The second cited decision, the BIA’s own previous decision in Matter of
Ruiz-Lopez, 25 I. & N. Dec. 551 (BIA 2011), aff’d Ruiz-Lopez v. Holder, 682 F.3d
513 (6th Cir. 2012)—as noted above—addressed a statute from the state of
Washington that, again, contained no provision analogous to § 2800.2(b). The
Sixth Circuit, in upholding the BIA’s construction of this statute focused only on
whether the conduct covered by the statute manifested “wanton or wilful disregard”
for the lives or property of others. 682 F.3d at 520. Unlike the Washington statute
examined in Ruiz-Lopez, § 2800.2 does not require disregard for life or property to
sustain a conviction, merely the commission of three minor traffic offenses.

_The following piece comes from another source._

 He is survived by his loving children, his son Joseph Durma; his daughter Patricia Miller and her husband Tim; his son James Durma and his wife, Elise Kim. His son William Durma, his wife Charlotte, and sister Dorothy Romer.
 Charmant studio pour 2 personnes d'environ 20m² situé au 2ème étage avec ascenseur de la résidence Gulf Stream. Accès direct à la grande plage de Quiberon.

Mei v. Ashcroft is similarly unhelpful. 393 F.3d 737 (7th Cir. 2004). That
case, again, involved a statute that had no provision analogous to § 2800.2(b) and,
moreover, affirmatively required for conviction that the individual attempt to elude
the police at a speed twenty-one or more miles above the posted limit. Judge
Posner found it crucial that the statute defined a particularly egregious “subset of
10
fleeing.” Id. at 741. In contrast, § 2800.2 includes under its umbrella conduct at the
least egregious end of the “eluding” spectrum.
Like the other three cases, the fourth case cited in the BIA decision, Idowu v.

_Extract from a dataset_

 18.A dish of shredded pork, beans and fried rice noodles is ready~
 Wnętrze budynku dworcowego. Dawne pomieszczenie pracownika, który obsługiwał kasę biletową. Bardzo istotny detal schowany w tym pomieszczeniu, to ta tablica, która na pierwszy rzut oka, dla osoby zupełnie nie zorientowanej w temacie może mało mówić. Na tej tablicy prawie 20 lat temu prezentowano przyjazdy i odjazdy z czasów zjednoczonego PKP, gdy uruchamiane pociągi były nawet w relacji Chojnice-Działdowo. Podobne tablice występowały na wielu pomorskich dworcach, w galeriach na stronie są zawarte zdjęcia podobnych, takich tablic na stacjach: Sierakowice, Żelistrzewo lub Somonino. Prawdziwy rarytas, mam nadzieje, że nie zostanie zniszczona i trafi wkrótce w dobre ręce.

Attorney General of U.S., 512 Fed. App’x 222, 225-26 (3d Cir. 2013), addressed a
New Jersey law covering eluding the police in the second (i.e., aggravated) degree,
that required much more serious behavior for conviction. This statute, N.J. Stat.
Ann. § 2C:29-2(b), permitted conviction only where “the flight or attempt to elude
creates a risk of death or injury to any person.” Id. at 225 (quotations omitted).
Nothing approaching conduct of this level of seriousness is needed for conviction
under § 2800.2.
In conclusion, and at the risk of repetition, eluding the police, in general, is
certainly a serious crime, but no decision prior to the one we are making here has
found that violation of a statute like § 2800.2, whose outer boundaries encompass
conduct at such a reduced level of seriousness, to be “base, vile, or depraved”
enough to constitute “moral turpitude.” With its distorted interpretation of this
statute, the BIA is attempting to cram so much into the overstuffed “moral
turpitude” suitcase that its seams have burst. We should not allow this.
For the reasons set forth above, I respectfully dissent.